• **GOAL OF THE EXERCISE**:
From the material below, please set down exactly the lines starting with the one with "Увлажняющий дневной крем" and going on through the one with "Din aprilie va", without a single picture.

• **EXERCISE MATERIALS**:
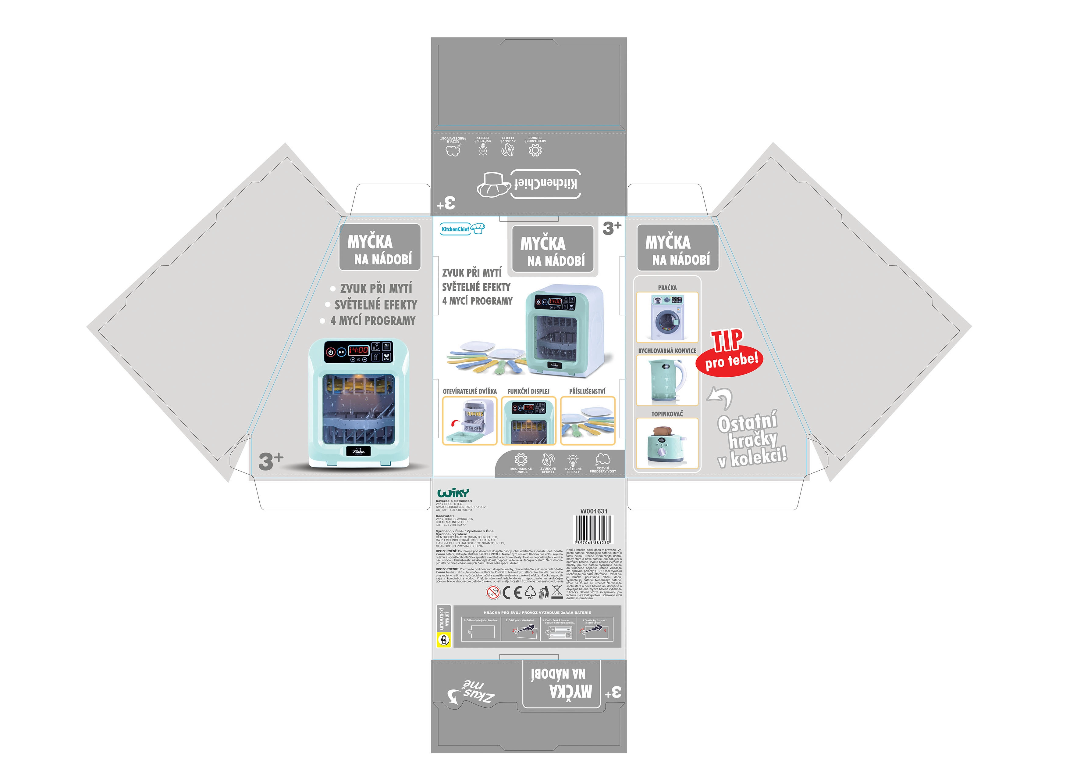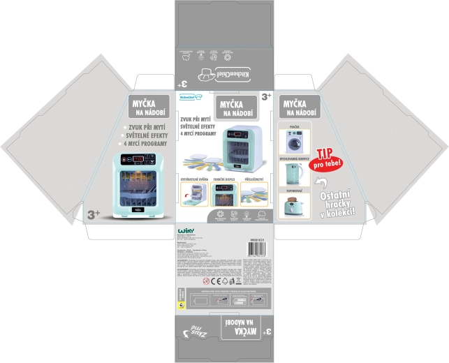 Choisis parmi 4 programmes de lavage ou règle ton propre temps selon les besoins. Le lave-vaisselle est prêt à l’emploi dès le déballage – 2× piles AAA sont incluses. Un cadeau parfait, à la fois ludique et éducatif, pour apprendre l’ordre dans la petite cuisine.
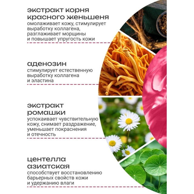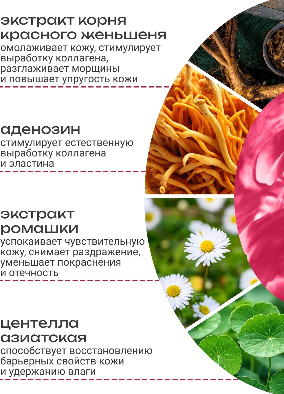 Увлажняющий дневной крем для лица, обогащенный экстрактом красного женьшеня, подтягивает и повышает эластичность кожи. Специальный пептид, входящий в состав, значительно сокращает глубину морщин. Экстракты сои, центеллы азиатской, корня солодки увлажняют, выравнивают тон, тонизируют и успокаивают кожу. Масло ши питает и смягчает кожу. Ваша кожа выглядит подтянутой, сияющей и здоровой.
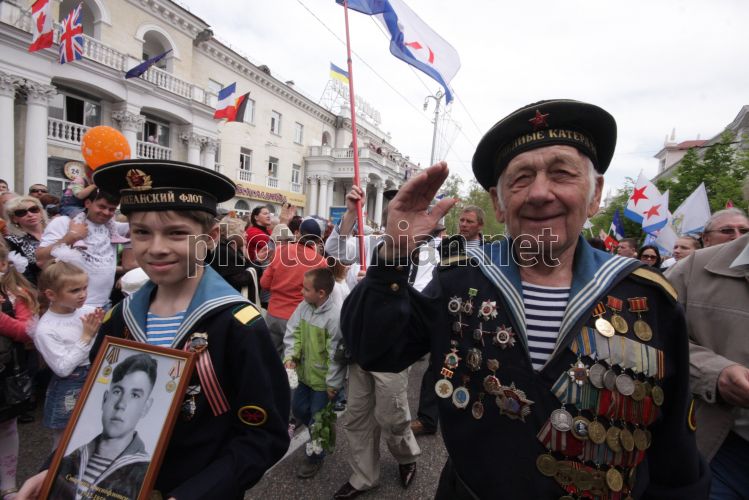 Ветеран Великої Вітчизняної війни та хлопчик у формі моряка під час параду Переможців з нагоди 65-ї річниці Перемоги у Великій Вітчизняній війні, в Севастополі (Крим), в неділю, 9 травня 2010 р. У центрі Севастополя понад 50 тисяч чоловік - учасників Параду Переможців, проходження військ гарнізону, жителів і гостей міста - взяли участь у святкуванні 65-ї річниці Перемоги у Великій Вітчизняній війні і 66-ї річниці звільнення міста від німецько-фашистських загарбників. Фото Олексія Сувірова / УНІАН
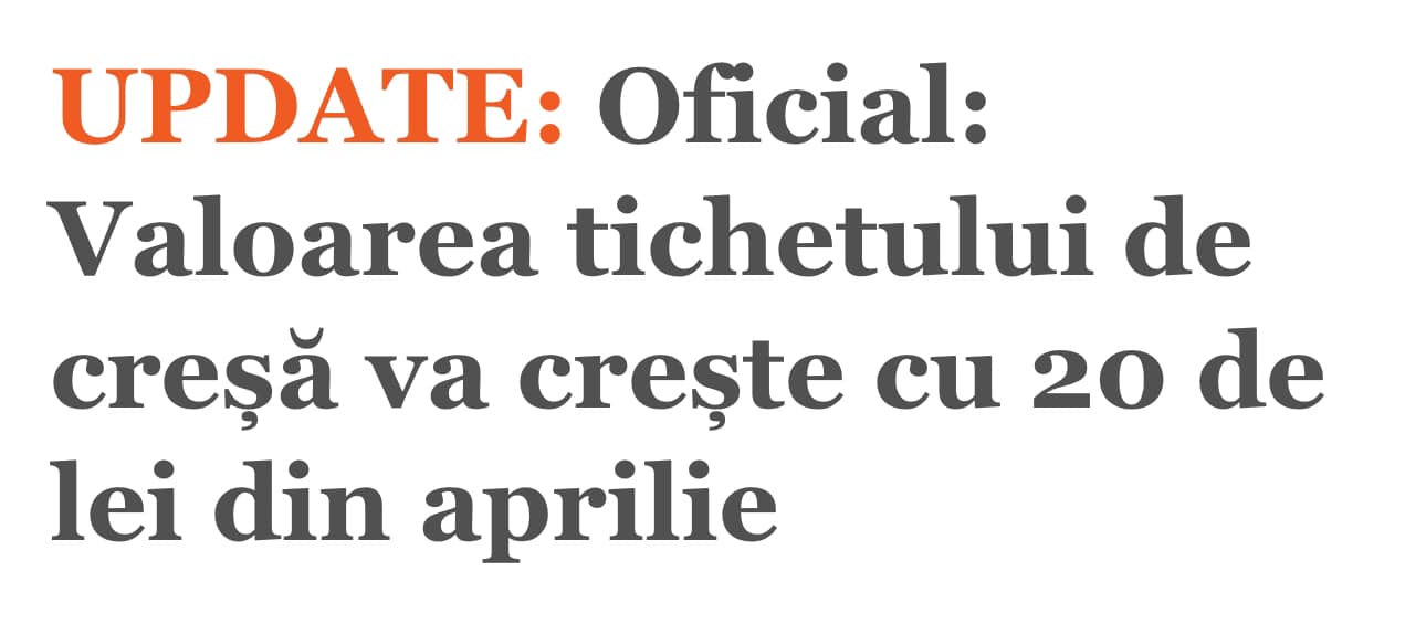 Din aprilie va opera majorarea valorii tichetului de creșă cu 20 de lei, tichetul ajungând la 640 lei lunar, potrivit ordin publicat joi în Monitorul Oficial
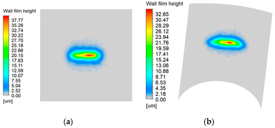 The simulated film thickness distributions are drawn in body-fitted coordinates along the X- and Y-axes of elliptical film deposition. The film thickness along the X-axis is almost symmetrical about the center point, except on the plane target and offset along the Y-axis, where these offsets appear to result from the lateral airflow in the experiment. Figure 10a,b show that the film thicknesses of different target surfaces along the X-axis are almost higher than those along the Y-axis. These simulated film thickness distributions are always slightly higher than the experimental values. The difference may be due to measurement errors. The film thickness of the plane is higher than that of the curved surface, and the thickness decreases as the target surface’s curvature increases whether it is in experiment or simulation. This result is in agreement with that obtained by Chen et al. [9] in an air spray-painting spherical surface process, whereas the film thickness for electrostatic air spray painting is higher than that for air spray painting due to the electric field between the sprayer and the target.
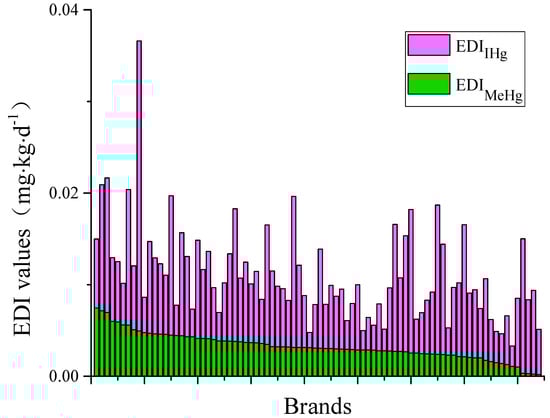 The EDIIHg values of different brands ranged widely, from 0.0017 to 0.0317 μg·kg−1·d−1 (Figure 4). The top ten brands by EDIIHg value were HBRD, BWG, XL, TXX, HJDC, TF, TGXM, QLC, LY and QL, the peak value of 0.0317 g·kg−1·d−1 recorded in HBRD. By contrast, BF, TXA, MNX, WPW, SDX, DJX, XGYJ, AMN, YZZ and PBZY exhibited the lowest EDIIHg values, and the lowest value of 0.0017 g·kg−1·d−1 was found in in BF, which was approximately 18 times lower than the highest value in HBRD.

==

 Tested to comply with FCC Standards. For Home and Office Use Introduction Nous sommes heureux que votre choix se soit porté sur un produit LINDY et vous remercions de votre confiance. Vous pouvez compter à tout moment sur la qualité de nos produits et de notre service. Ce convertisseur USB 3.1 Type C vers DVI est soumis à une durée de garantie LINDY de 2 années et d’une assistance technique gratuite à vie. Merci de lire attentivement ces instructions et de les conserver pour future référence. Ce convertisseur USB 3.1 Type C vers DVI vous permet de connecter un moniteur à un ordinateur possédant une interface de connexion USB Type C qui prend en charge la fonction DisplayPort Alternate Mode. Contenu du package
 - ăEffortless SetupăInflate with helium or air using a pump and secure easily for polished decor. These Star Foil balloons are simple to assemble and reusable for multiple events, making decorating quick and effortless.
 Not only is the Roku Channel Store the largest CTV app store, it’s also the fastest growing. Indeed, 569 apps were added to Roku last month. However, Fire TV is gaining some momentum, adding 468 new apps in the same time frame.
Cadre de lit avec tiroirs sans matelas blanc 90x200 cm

• **COMPLETED EXERCISE**:
 Увлажняющий дневной крем для лица, обогащенный экстрактом красного женьшеня, подтягивает и повышает эластичность кожи. Специальный пептид, входящий в состав, значительно сокращает глубину морщин. Экстракты сои, центеллы азиатской, корня солодки увлажняют, выравнивают тон, тонизируют и успокаивают кожу. Масло ши питает и смягчает кожу. Ваша кожа выглядит подтянутой, сияющей и здоровой.
 Ветеран Великої Вітчизняної війни та хлопчик у формі моряка під час параду Переможців з нагоди 65-ї річниці Перемоги у Великій Вітчизняній війні, в Севастополі (Крим), в неділю, 9 травня 2010 р. У центрі Севастополя понад 50 тисяч чоловік - учасників Параду Переможців, проходження військ гарнізону, жителів і гостей міста - взяли участь у святкуванні 65-ї річниці Перемоги у Великій Вітчизняній війні і 66-ї річниці звільнення міста від німецько-фашистських загарбників. Фото Олексія Сувірова / УНІАН
 Din aprilie va opera majorarea valorii tichetului de creșă cu 20 de lei, tichetul ajungând la 640 lei lunar, potrivit ordin publicat joi în Monitorul Oficial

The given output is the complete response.